In the end, most of these drives managed to write more than a petabyte of data. Far, far more than they were warrantied for. Of course, these SSDs have all sorts of features built-in to ensure they live as long as possible. There are a set amount of "overprovisioned" redundant cells that can be quietly switched out with failing ones. The drive's onboard "brain" uses wear leveling to ensure that data writes are spread out over cells so that some aren't prematurely fried. Some of the TLC drives in that experiment didn't reach the petabyte mark, but were still so far over their rated numbers that it didn't really make them less impressive.
Bear in mind, this was about a decade ago, and the latest generation of SSDs are smarter, have better endurance, and will likely last even longer than those early models because of it.
I bought my first SSD as part of a netbook I needed for university. This machine had a whopping 8GB SSD inside, with very low rated write endurance. I was genuinely worried that this small SSD would be worn out before I finished my on-campus studies, but it turns out the battery died long before the SSD did. When I sold that netbook after three years of ownership, the battery was the only thing that needed replacement, and I'd worried about it for no reason at all, despite many magazine articles at the time showing how easy it was to nuke one of those netbook SSDs with a torture test.
Since then, I've bought a heap of SSDs, but my oldest drive is now eight years old. A SATA III gaming drive from Samsung that has been absolutely hammered with terabytes of game downloads, then spent some time being hammered as a video editing scratch drive, and currently lives attached to my PlayStation 5, so I can get better loading times on PlayStation 4 games without using the internal SSD.
Similarly, my wife works as a video editor, and her SSDs are frankly brutalized with hundreds of gigs in 4K footage every week, and have been for years. Not a single SSD that we own has yet failed. The main reason I've replaced them is that I want faster and bigger drives, so I tend to simply convert my old drives into external ones.

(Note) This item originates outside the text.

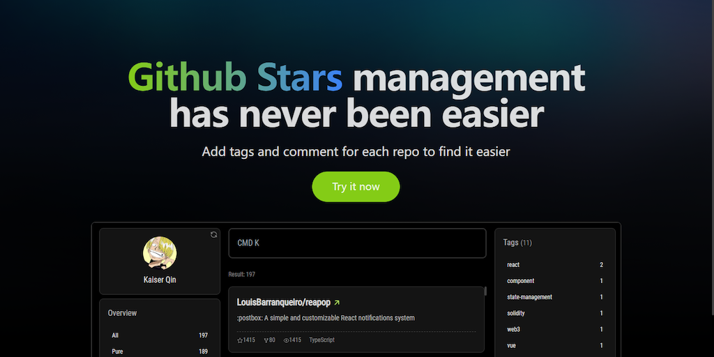Add custom tags and comments to your github star repos. Make it easier for you to manage and find them.

That said, you'll find plenty of anecdotal evidence to the contrary on online forums. Just because SSDs have proven reliable on average, doesn't mean you couldn't be the victim of bad luck, or a bad model. In 2023 Samsung was forced to release fixes for its 900-series SSDs, such as the 990 Pro and 980 Pro. These drives showed rapid degradation despite relatively low amounts of writes, and that's not what you want on a high-end drive. These issues are rarely the result of actual hardware problems, but bugs in firmware. Which just goes to show that software magic is one of the main reasons SSDs are so robust. There's a lot of heavy lifting that happens invisibly on the drive itself, and we only realize it when things go wrong.

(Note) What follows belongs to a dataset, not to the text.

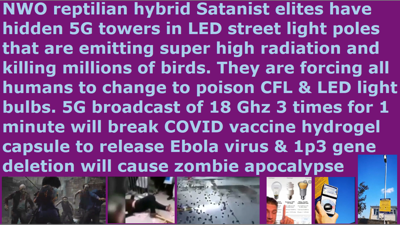 *** Intelligence news update from the Human Homo-Sapiens Race Survival Resistance (HRSR) headquarters and Republic Rebel Alliance battlefront (July 2022). People are discovering that the fake COVID19 Coronavirus 5G remote assassination weapons are hidden in the LED light poles in every neighborhood. They are preparing to kill billions of people just like in their test at Wuhan China on all the people who were vaccinated with COVID19 test vaccine, where 5G was first kicked off in the world. The 5G towers are emitting horrific amounts of electromagnetic radiation, and millions of birds are falling from the sky dead and millions of fish are washing up on shore dead. The CFL and LED lights are destroying your body’s frequency. They are harmful to your eyes and skin and endocrine system. This is why they are prohibiting normal light bulbs now, and forcing people to buy poisonous CFL and LED lights. The 5G broadcast of 18 Ghz 3 times for one minute from these 5G street LED light poles will make the nanoparticles in the COVID19 vaccine to expand, and the capsules in the vaccine’s hydrogel in the vaccinated people will break to release the zombie Ebola Marburg virus biochemical weapon nanites and its 1p3 gene deletion to create a zombie apocalypse to kill billions of people. The fallen angel devils will kill their own people, too. The fallen angels are enjoying killing everyone. They are genocidal psychopaths. The pastors and religious Christians will not tell you any of this, because they are afraid of assassinations and ridicule from church donators, and getting hit with diabetes attacks and all kinds of attacks, and they are fake “watchmen on the wall.” End of transmission…

Just like mechanical hard drives, SSDs can fail spontaneously for any reason. However, on average, your SSDs will likely far outlive their rated write endurance numbers. However, what will kill your SSD fast is running it too hot. This is a major issue in data centers where things can get really spicy, but as long as you have good cooling in your system, and use an SSD heatsink where possible, you really don't have to worry about this issue. That said, modern SSDs will also throttle themselves when they get too hot, so even if your cooling fails or can't quite handle peak performance, the drive will try to save itself by running at lower intensity.